You can use the spring initializer and add dependancies as usual. A normal spring-boot application launches like this

public class SpringApplication{

    public static void main(String[] args) {
        SpringApplication.run(SpringApplication.class, args);

    }

}

Instead, use the Application class from java fx to start the application

    public class SpringApplication{

    public static void main(String[] args) {
            Application.launch(JavaFXApplication.class, args);

    }

}    

Configure the JavaFXApplication by using the SpringApplicationBuilder to create a Configurable application context in the init method. Launch an instance of ApplicationEvent from it in the start method and pass it the stage. ApplicationEvent is abstract, so you need to extend a custom class from it.

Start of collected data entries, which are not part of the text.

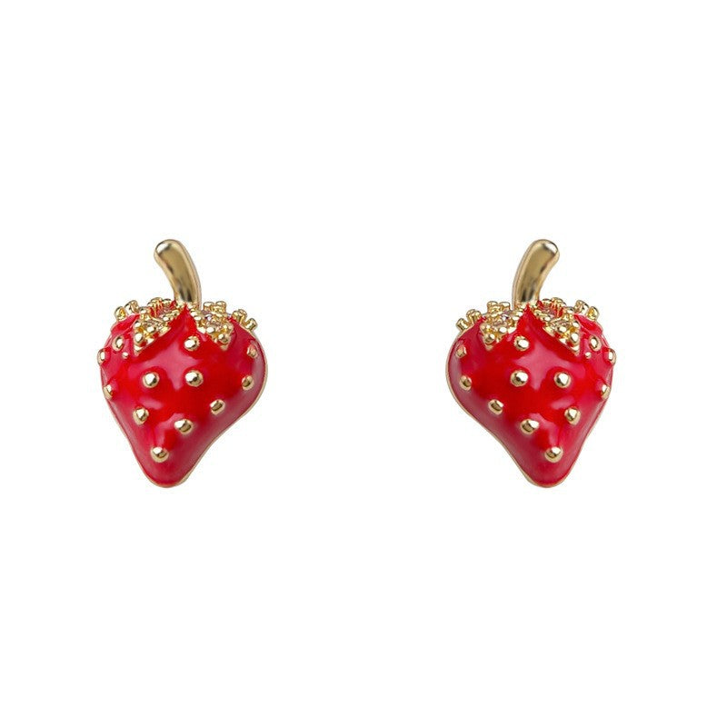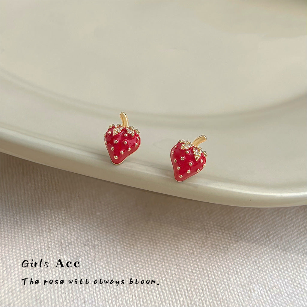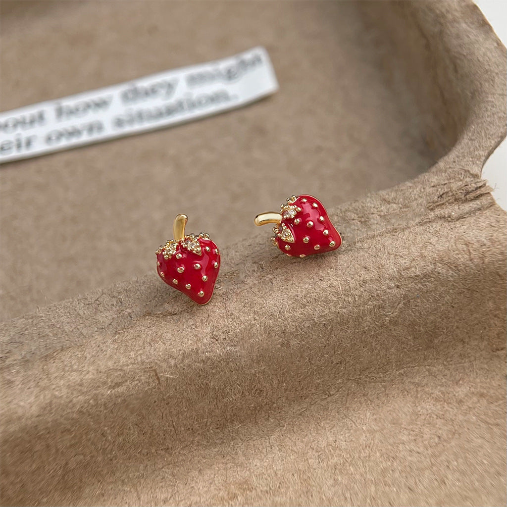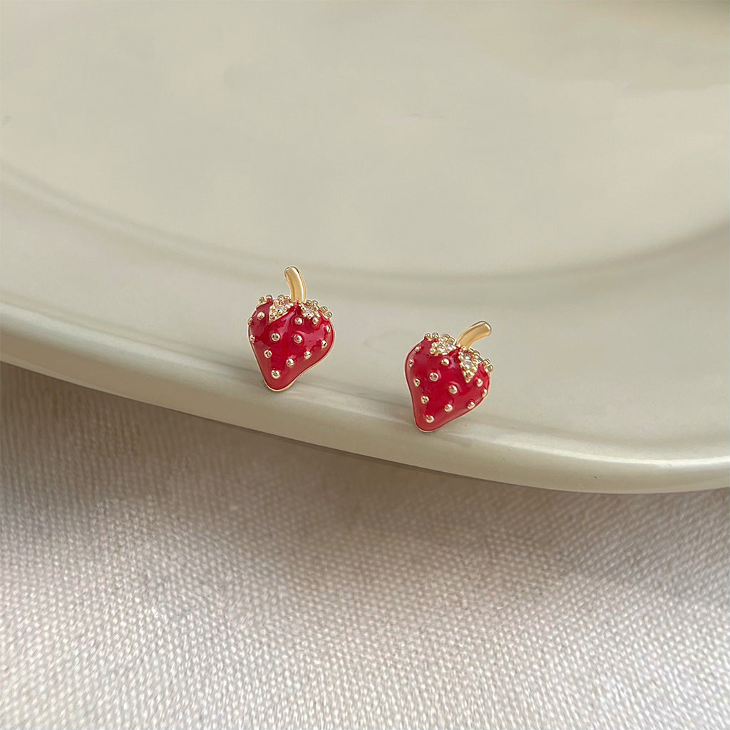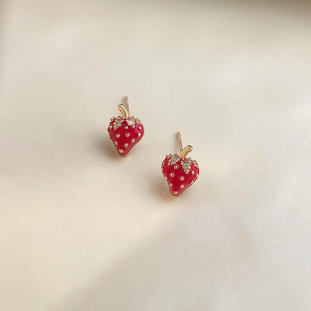 A廠 日韓款 小清新滴油草莓銀針耳環 批發 折扣@洽客服 25.09.W2「6570」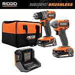 Ridgid 18V SubCompact Brushless 2-Tool Combo Kit with Drill/Driver, Impact Driver, (2) 2.0 Ah Batteries, Charger, and Tool Bag $139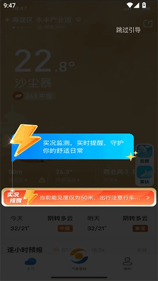 实时掌握您当前位置的天气预报与空气质量信息,便捷查看天气实况及24小时数据。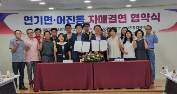 지난 25일 어진동주민센터 다목적강당에서는 김윤희 어진동장과 이진례 연기면장, 양 협의회 및 관계자 10여 명이 참석한 가운데, 어진동 통장협의회와 연기면 이장협의회가 자매의 연을 맺었다.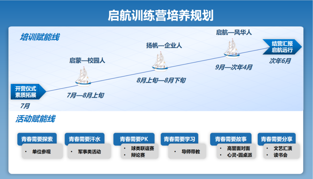 接下來,公司將針對新進(jìn)員工實施“1+3”培養(yǎng)戰(zhàn)略,啟動為期1年的“啟航訓(xùn)練營”項目,通過啟蒙、揚(yáng)帆、啟航三個階段,輔以訓(xùn)戰(zhàn)結(jié)合的模式,使統(tǒng)招畢業(yè)生真正啟航遠(yuǎn)行。通過集訓(xùn)+輪崗+在崗培訓(xùn)等形式,開展軍訓(xùn)、公司文化、產(chǎn)品知識、安全生產(chǎn)、崗位技能等360°無死角的培訓(xùn)活動,并舉辦聯(lián)誼賽、辯論賽、文藝匯演、高管面對面、結(jié)營匯報等活動賦能,培養(yǎng)新員工團(tuán)隊協(xié)作精神,鍛煉新員工攻堅克難毅力,增加其對公司的認(rèn)同感與歸屬感,并通過持續(xù)的“傳幫帶”“師帶徒”機(jī)制提升其專業(yè)能力,將新員工培養(yǎng)為所在崗位的骨干力量,充分激發(fā)公司活力與創(chuàng)新力,推動實現(xiàn)公司“致力成為高端電子元器件的領(lǐng)跑者”的美好愿景。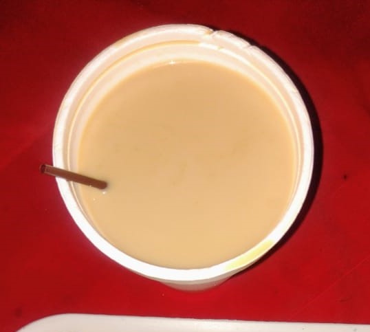 Un pandebono, un buñuelo y una almohabana con un café en leche de 8 onzas

The JavaFXApplication will look like this

public class JavaFxApplication extends Application {
    ConfigurableApplicationContext applicationContext;

    @Override
    public void start(Stage stage) throws Exception {
        applicationContext.publishEvent(new StageReadyEvent(stage));
    }

    public void init() {
        applicationContext = new SpringApplicationBuilder(SpringApplication.class).run();
    }

    public void stop() {

        applicationContext.close();
    }


    public static class StageReadyEvent extends ApplicationEvent {
        public StageReadyEvent(Stage stage) {
            super(stage);
        }
    }
}

Finally, instantiate a Bean that will listen to that event by implementing the ApplicationListener

@Component
public class StageReadyListener implements ApplicationListener<JavaFxApplication.StageReadyEvent> {

    @Override
    public void onApplicationEvent(JavaFxApplication.StageReadyEvent stageReadyEvent) {
        Stage stage = (Stage)stageReadyEvent.getSource();
        stage.setScene(new Scene(new Label("Hello"), 300, 300));
        stage.show();
    }
}

This way it is now possible to use spring dependancy injection in the javafx application aswell.